Não adianta reclamar ou esperar que o crescimento da tecnologia não venha a afetar seu trabalho, empresa, vida. Isso já está acontecendo. Ficar na defensiva não é uma solução viável para lidar com a IA. O caminho para evitar a obsolescência passa por abraçar a IA, por tornar-se ‘à prova das mudanças de IA’. Vejamos como fazer isso na prática:
- Os profissionais (isto é, cada um de nós) precisam aprender a usar a IA e ‘fuçar’ é o melhor caminho. O ambiente está em transformação e estamos todos aprendendo em tempo real – o segredo é colocar a mão na massa. Você pode fazer um dos vários cursos disponíveis em plataformas como Coursera ou Udacity, juntar-se ou criar um grupo de estudo ou uma comunidade.
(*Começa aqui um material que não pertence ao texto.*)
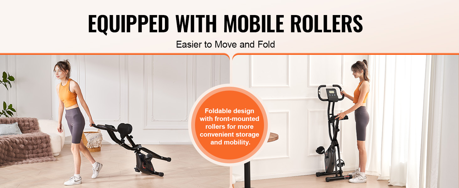 Tento trenažér má skladací dizajn na pohodlné skladovanie a kompaktné šetrenie miesta. Jeho súčasťou sú prepravné kolieska na ľahkú mobilitu.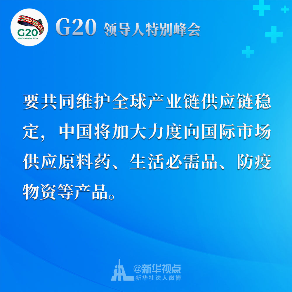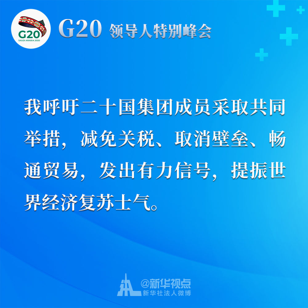 我呼吁二十國集團(tuán)成員采取共同舉措,減免關(guān)稅、取消壁壘、暢通貿(mào)易,發(fā)出有力信號(hào),提振世界經(jīng)濟(jì)復(fù)蘇士氣。我們應(yīng)該制定二十國集團(tuán)行動(dòng)計(jì)劃,并就抗疫宏觀政策協(xié)調(diào)及時(shí)作出必要的機(jī)制性溝通和安排。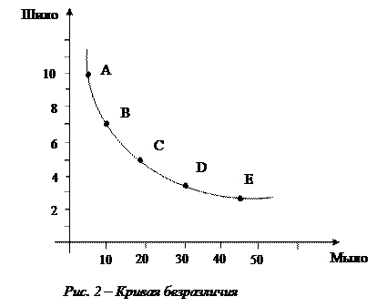 Перенесём эти данные на график и «соединив» точки A, B, C, D, E получим кривую безразличия (рис. 2) – геометрическое место точек, каждая из которых отражает комбинацию товаров, потребление которых приносит потребителю одинаковую общую полезность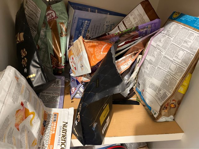 物品項目:各種品牌貓飼料的夾鍊袋、開封過的莫比貓飼料(貓咪不愛吃,然後放很久了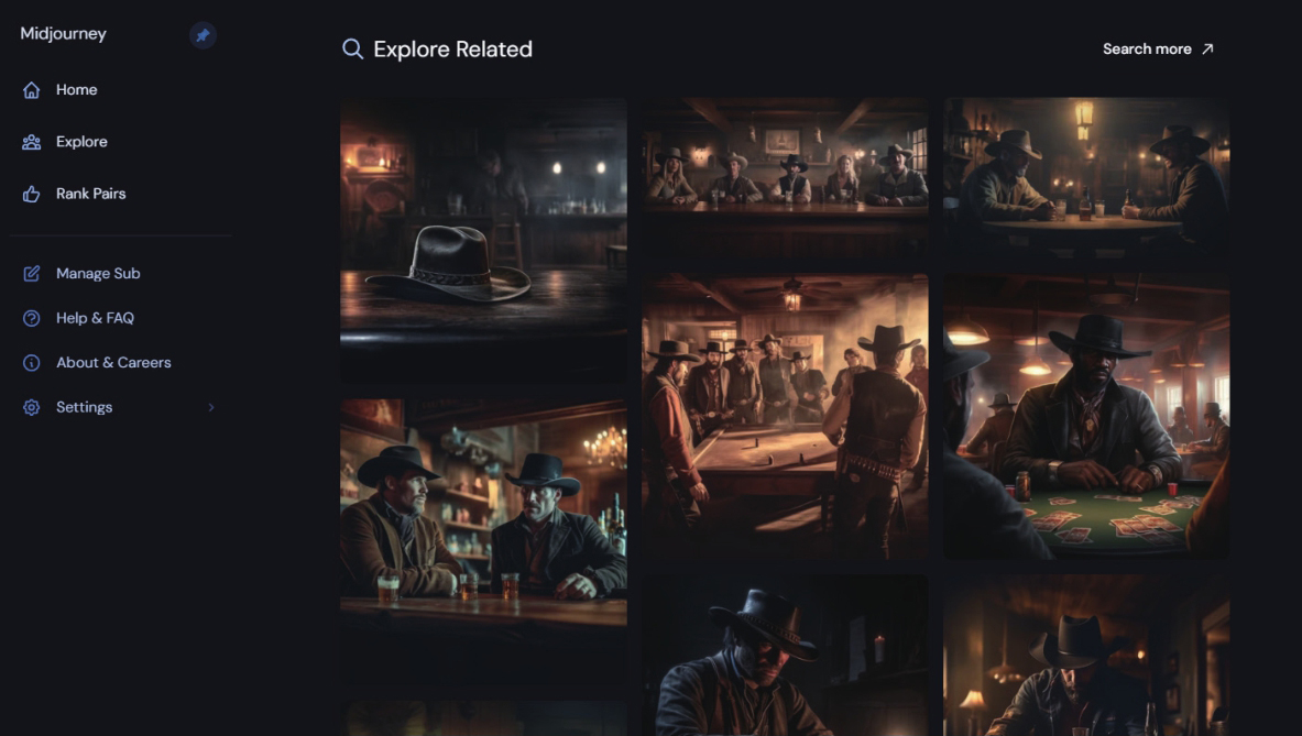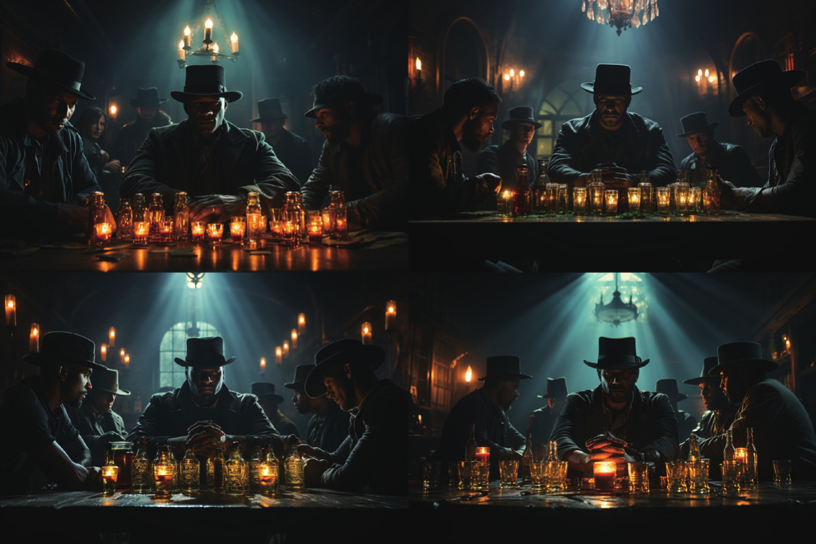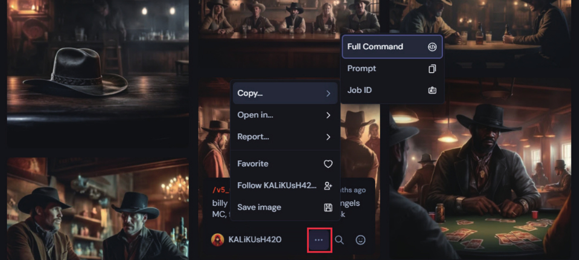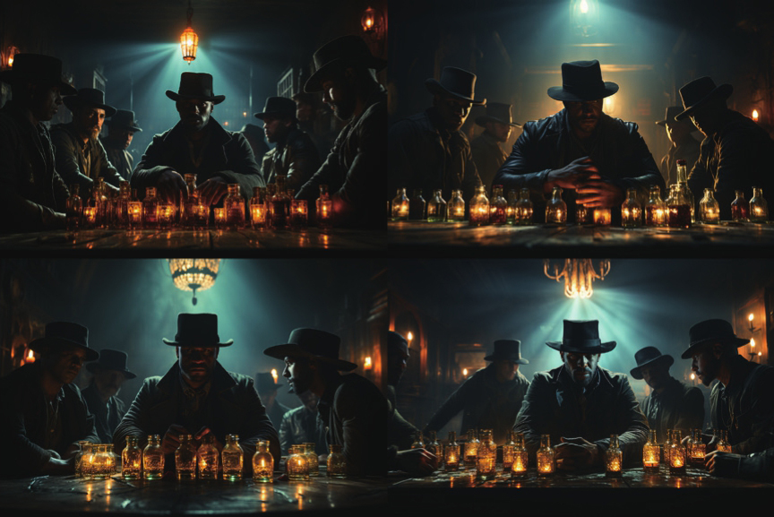 在/imagine命令下面的英文部分Cowboys drinking in a dimly lit American West bar with a wanted poster on the wall, chandeliers on the roof,Several empty bottles lying down on the table,wide angel,American western movie style, movie lighting,tense atmosphere用于描述图像。

Conheci e gostei dos programas do I2A2. Junte-se ao time dos fuçadores.
- As empresas devem desenvolver capacitações, aprimorar operações e repensar seus modelos de negócios com o uso da IA. Para isso, como um primeiro passo, podem oferecer programas de formação e especialmente tempo para seus funcionários experimentarem a IA, conhecerem modelos de negócios habilitados por IA, testarem ideias. Como um segundo passo, podem montar times e realizar innovation sprints para gerar novas soluções e mesmo negócios. Todos esses processos devem ser estruturados, ter recursos alocados, métricas de desempenho e inputs de gente de fora da organização (oxigenar é preciso).
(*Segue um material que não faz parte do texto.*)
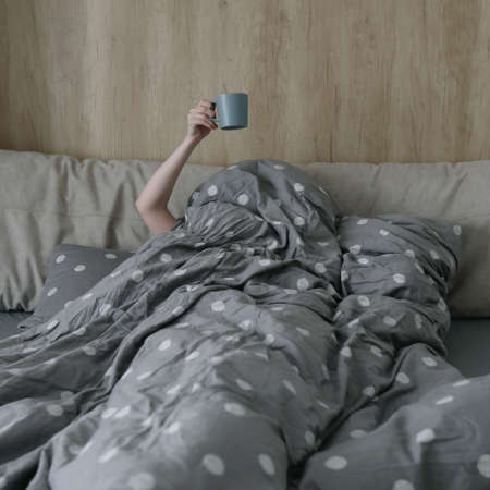 morning, coziness, cozy home concept - a hand with cup of coffee or tea in bed at home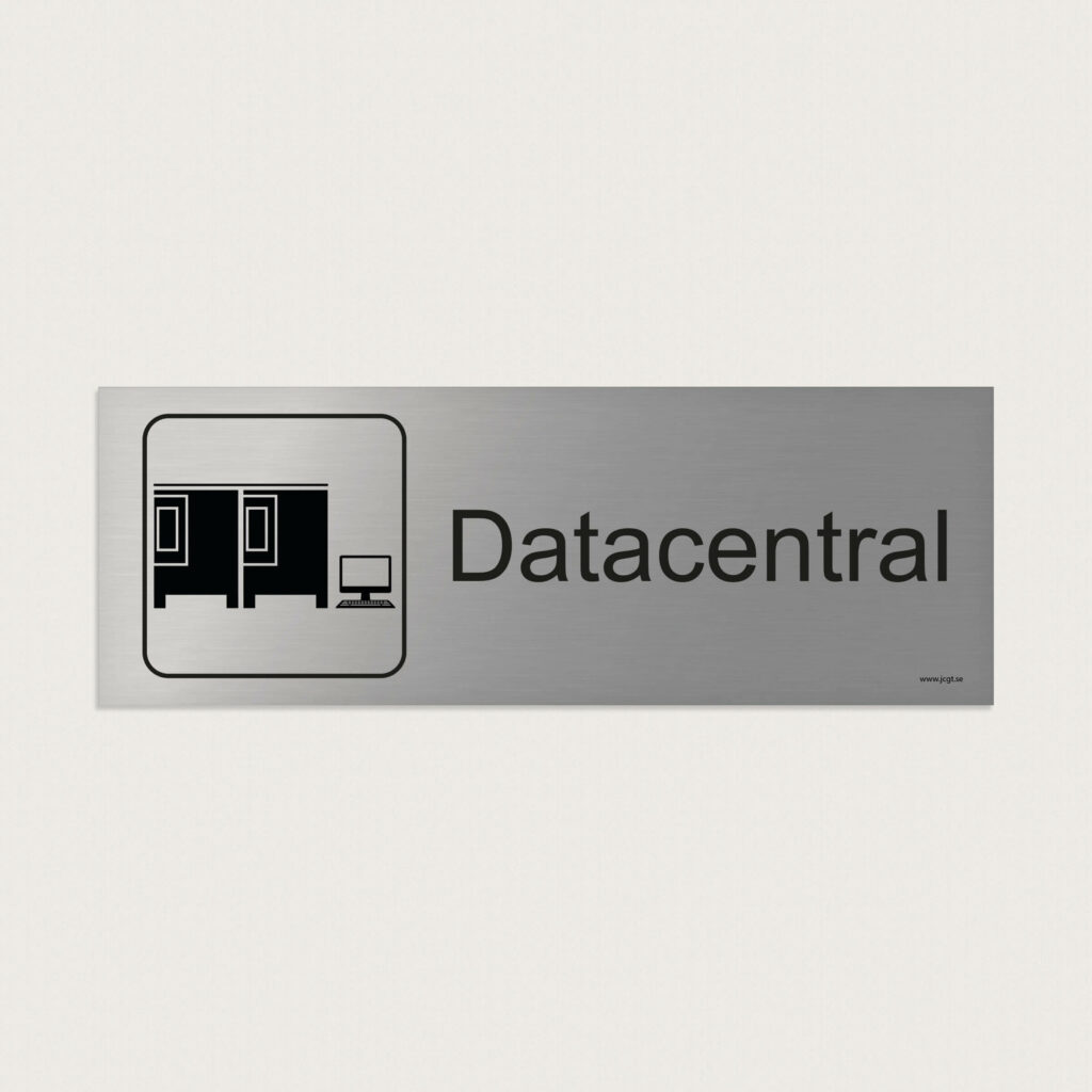 En trivsel- & ordningsskylt med symbol och text Datacentral som underlättar för personerna som skall jobba där att hitta dit.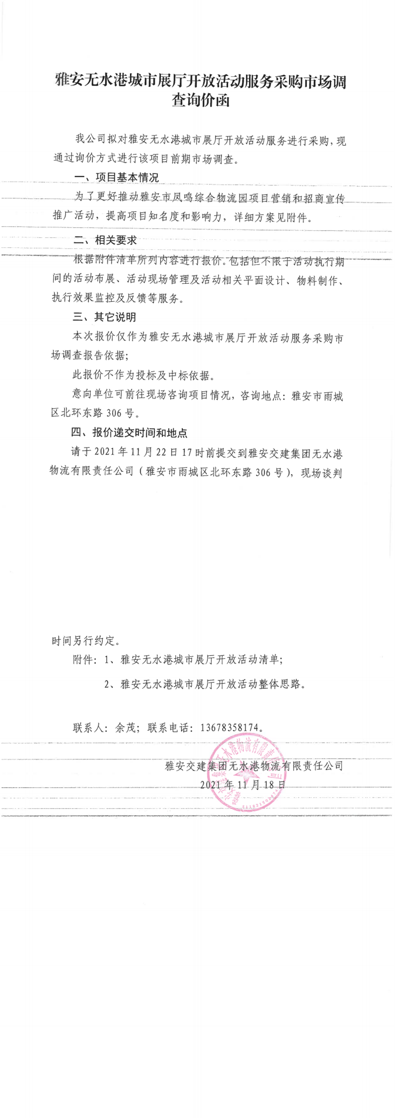 雅安交建集團(tuán)無水港物流有限責(zé)任公司雅安無水港城市展廳開放活動(dòng)服務(wù)采購市場(chǎng)調(diào)查詢價(jià)函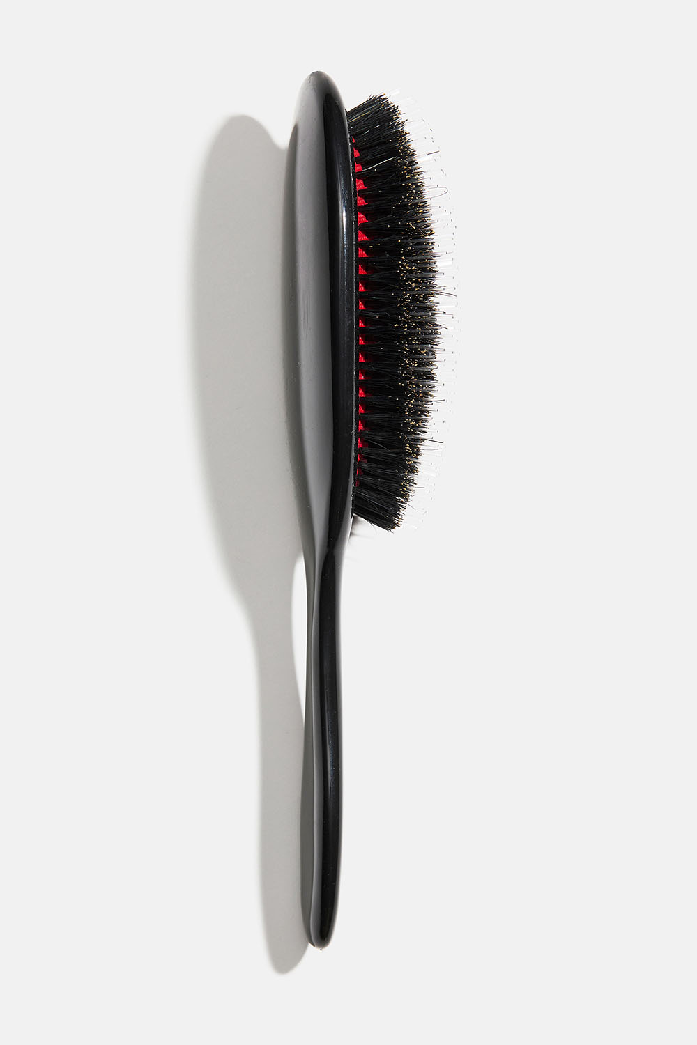 En hårbørste lavet af en blanding af ægte svinehår og nylonpigge med et sort skaft. Kan bruges til alle hårtyper. Må ikke bruges sammen med varme.

- Os países enfrentam o duplo desafio de disseminar o uso da IA nas suas economias e, simultânea e idealmente, criar vantagem em tecnologias relevantes. Isso passa, primeiro, por programas público-privados, em escala, que incluam formação de pessoas, extensão industrial, disponibilização de base de dados públicas (ativos públicos) para uso por empreendedores e empresas, criação de ambientes regulatórios que permitam o teste de tecnologias e a aprendizagem institucional, financiamento e apoio a projetos inovadores que usem IA. Segundo, por investimentos em pesquisa e desenvolvimento – não chegamos ao fim da história da IA, novos conceitos e métodos serão necessários e novas oportunidades emergirão. Esses desafios são distintos, e as condições de cada país também. Estratégia e coordenação são elementos chave sem os quais não há possibilidade de sucesso. Deixo para os interessados o exemplo da estratégia americana de pesquisa e desenvolvimento de IA.
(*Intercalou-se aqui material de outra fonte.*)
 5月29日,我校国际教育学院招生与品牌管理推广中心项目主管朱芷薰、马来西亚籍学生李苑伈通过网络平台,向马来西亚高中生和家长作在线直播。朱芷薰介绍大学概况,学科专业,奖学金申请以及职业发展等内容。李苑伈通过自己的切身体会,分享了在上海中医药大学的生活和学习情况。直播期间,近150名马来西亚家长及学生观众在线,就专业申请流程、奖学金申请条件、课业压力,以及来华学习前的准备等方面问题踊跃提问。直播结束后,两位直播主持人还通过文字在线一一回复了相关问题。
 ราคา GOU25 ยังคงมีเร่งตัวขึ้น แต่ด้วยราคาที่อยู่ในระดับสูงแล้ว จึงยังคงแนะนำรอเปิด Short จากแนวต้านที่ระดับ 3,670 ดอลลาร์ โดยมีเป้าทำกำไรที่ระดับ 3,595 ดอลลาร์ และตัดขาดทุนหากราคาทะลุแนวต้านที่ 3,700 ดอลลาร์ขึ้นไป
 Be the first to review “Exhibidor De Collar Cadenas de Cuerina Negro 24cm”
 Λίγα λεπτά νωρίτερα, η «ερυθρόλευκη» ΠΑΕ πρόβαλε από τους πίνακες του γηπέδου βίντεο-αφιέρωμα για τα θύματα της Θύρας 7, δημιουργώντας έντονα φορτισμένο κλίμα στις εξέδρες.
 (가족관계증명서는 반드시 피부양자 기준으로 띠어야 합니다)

Que venha o futuro. E não esqueça: ficar parado não é uma boa opção. O futuro vem rápido. Boa jornada a todos.
[1] A base da pesquisa do WEF pode ser extrapolada para um conjunto de 673 milhões de postos de trabalho e as estimativas apresentadas se referem a esse conjunto. O número total de postos de trabalho (formais e informais) no mundo é estimado em 3.283 milhões.
Roberto Alvarez é doutor em Engenharia, investidor em startups no Brasil e exterior, e Diretor Executivo da GFCC (Global Federation of Competitiveness Councils), organização global sediada em Washington.